The sad part is that when you reach that age (31 here) is you start looking at the "new trend" (ex Angular, React and NodeJS) as unnecesary and the "new devs" that doesn't have any experience on making and maintaining long term projects (> 5 years) look at this as the holy grail technology and if you aren't using that technlogy it means you aren't as efficent as the "new guys" so you either migrate to management (which sucks), change industries or became a private just another entrepenur.
I'm considerably older than that, and would argue from experience that the mistake is in regarding everything new as just another fad.
Often it's good to wait a while and see how things play out with a new technology before deciding whether to invest in it. But you don't want to fall into the bad habit of making such evaluations on prejudice, rather than merit.
Exactly. Use your experience to judge a technology on merit. Does this solve a pain point in a new and interesting way, or is it the same approach in a different language?
That's a pretty big chunk of the internet for a "new trend". My boss is in his 50s and he was the one who started us using node. Every month without fail, he repeats the words of his manager in the 90s: "Java is a fad. We'll all be using c++ again in a year". Don't be that guy.
Not too sure of the numbers on that site. It says AngularJS runs 1.5% of the Internet - 435,718 of 363,398,504 sites, but I thought that we are now over 1 billion websites according to some stats. Another Stat said about 890 million active sites.
Although 435K is nothing to sniff at, wordpress runs over 15 million sites.
> I thought that we are now over 1 billion websites according to some stats.
Accounting for the last 3 quarters, 363m seems accurate[1]. Even if it's not 100% accurate, it's still a good gist.
> wordpress runs over 15 million sites.
Keep in mind that Wordpress is a CMS, and it's older than jQuery. You can also use Wordpress and Angular in parallel, so it's not as if people choose it INSTEAD of angular.
EDIT: I was also referring more towards the top-10k/100k, given that those are ACTUAL websites. I try to avoid stats that include "hello, world. This is my angular2 todo".

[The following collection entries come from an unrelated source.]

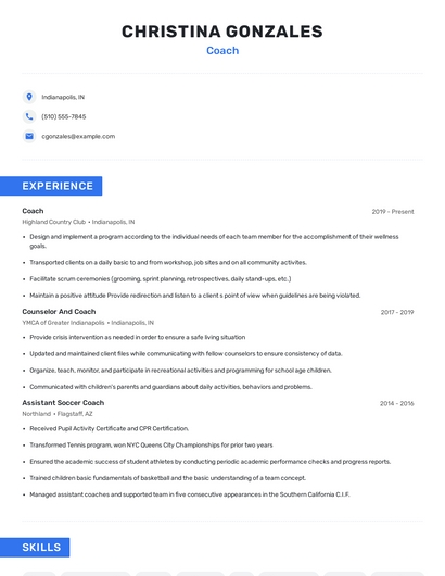Build a professional coach resume in minutes. Browse through our resume examples to identify the best way to word your resume. Then choose from 5+ resume templates to create your coach resume.
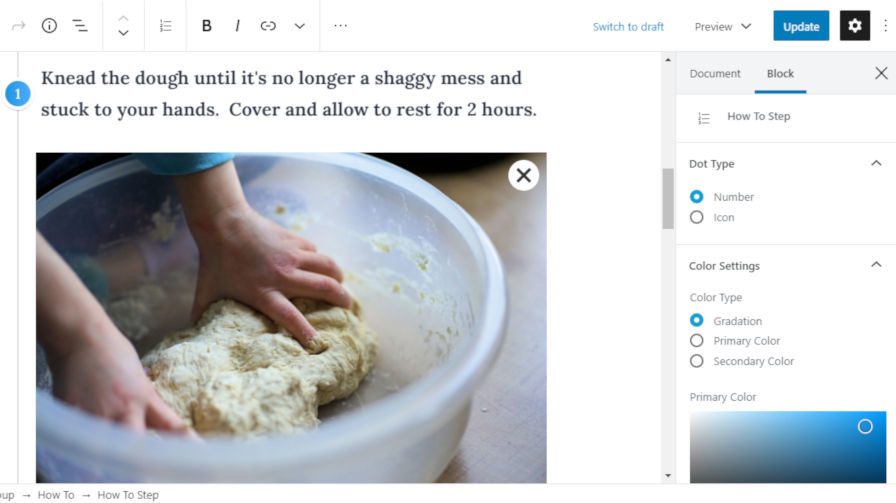 The plugin’s How-To block is what drew me in. Its purpose is to allow end-users to provide step-by-step instructions with both a text block and an image for each step. It is a pattern that is common on sites such as wikiHow and other tutorial websites.
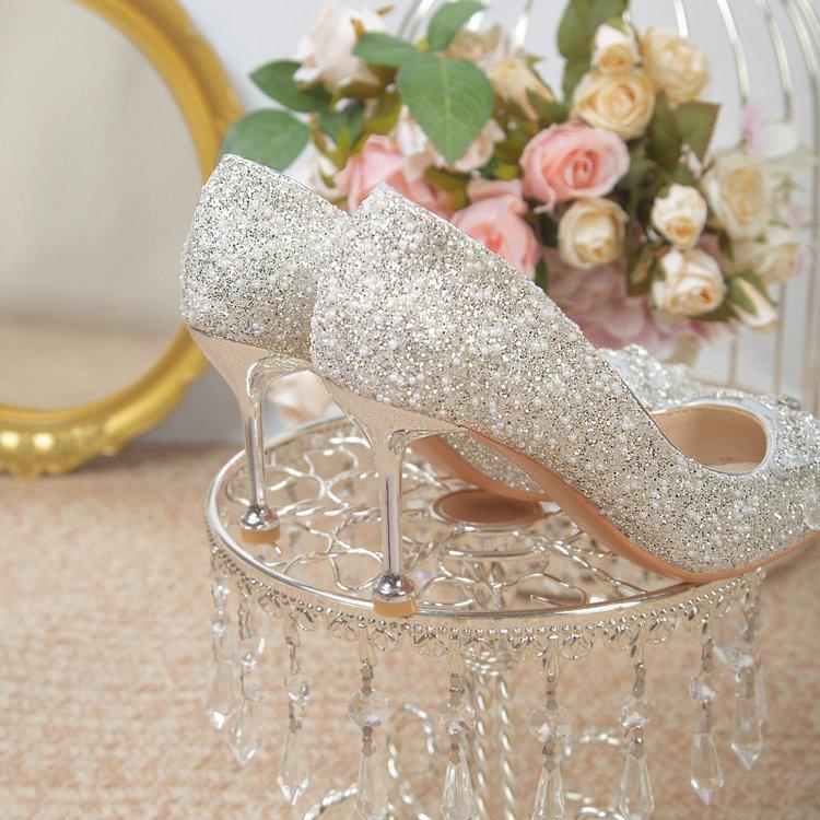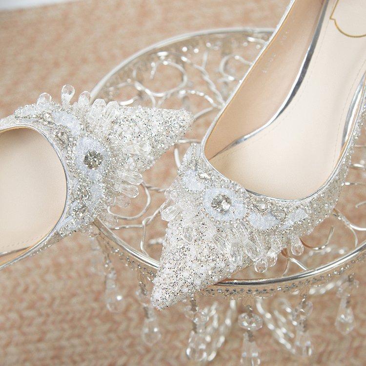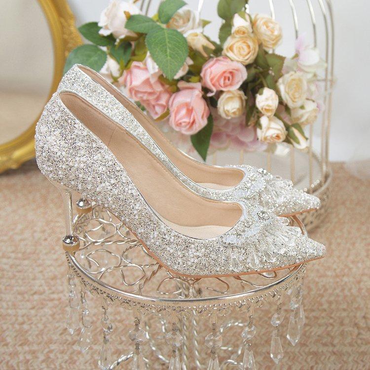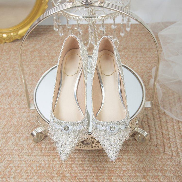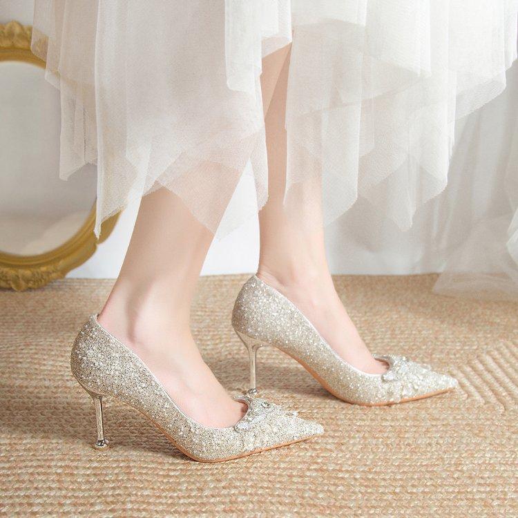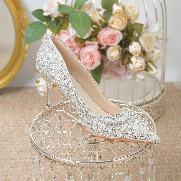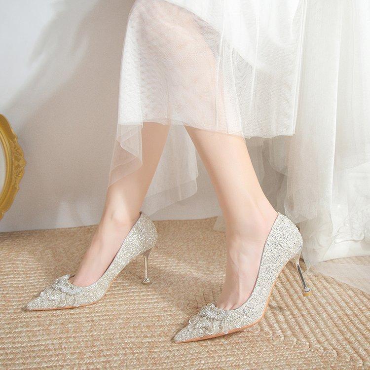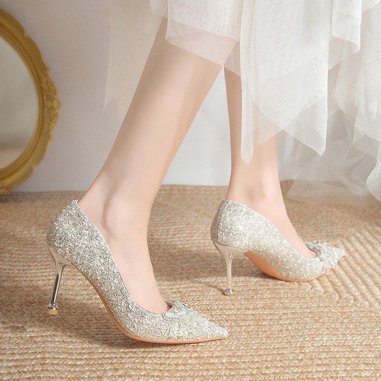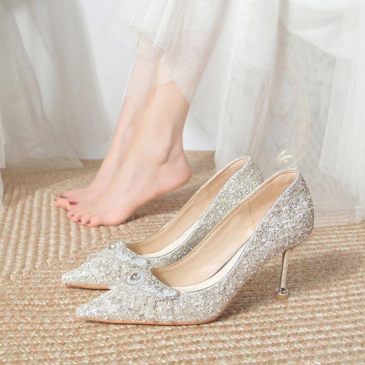 Zapatos de Boda de Punta Zapatos de Mujer 2025 Nuevo Vestido de Novia Principal Tacones Altos Zapatos de Novia Zapatos de Dama de Honor Zapatos de Compromiso de Cristal Francés

> looking at the "new trend" (ex Angular, React and NodeJS) as unnecessary
Well, I know that you were just throwing out a random example, but... I wouldn't be so quick to dismiss Angular and React. They're actually pretty good, pretty clever solutions to some of the problems the plague web application developers, and help us get a long way to a flexible web environment. Even Node.js may seem "wrong" to those of us whose first experience with a computer was a command-line terminal, but people were saying that Java on the server side was unrealistic 15 years ago. And really, there is a benefit to using the same language on the server as on the client, especially as those two drift closer and closer together.
The problem I see is that the "new devs" (and their 20-year-old "startup founder" bosses) assume that Angular, React and NodeJS, being the new, trendy, hip thing, is all there is and all you need to know. As long as you know those fairly well, the thinking goes, you don't need to know anything about TCP/IP, HTTP, SSL, bash, signals, processes, threads... all the things that us old fogeys have spent decades wrestling with. I recently watched a (much younger) colleague of mine reject a candidate because he was misusing the term "route". I asked "you mean like a TCP source route? That's not really that relevant to the UI position he was interviewing for." He seemed incredulous that I didn't "know" that "route" was an "industry-standard" term for a URL (apparently that's what Node.js's Express framework calls URLs - hint, the term "route" never appears in RFC 2616, which actually specifies HTTP). THAT mentality is the frustrating one, and it's all over the place.
I think it goes both ways. If you're new to development, you're soaking up any and all information to a fault. It's an exploratory phase. If you've been around a while, it's easy to become stale. How many trends do you let go by before you're ten iterations behind the trend that sticks?
It's a difficult balance and requires judgment and luck. If you're constantly on the "new language/framework" treadmill, you're wasting a lot of cycles learning fads that won't last, for the N% chance of learning something that ends up big. On the other hand if you stick with refining your knowledge of what you know, you risk getting left in the past. Need both kinds of learning.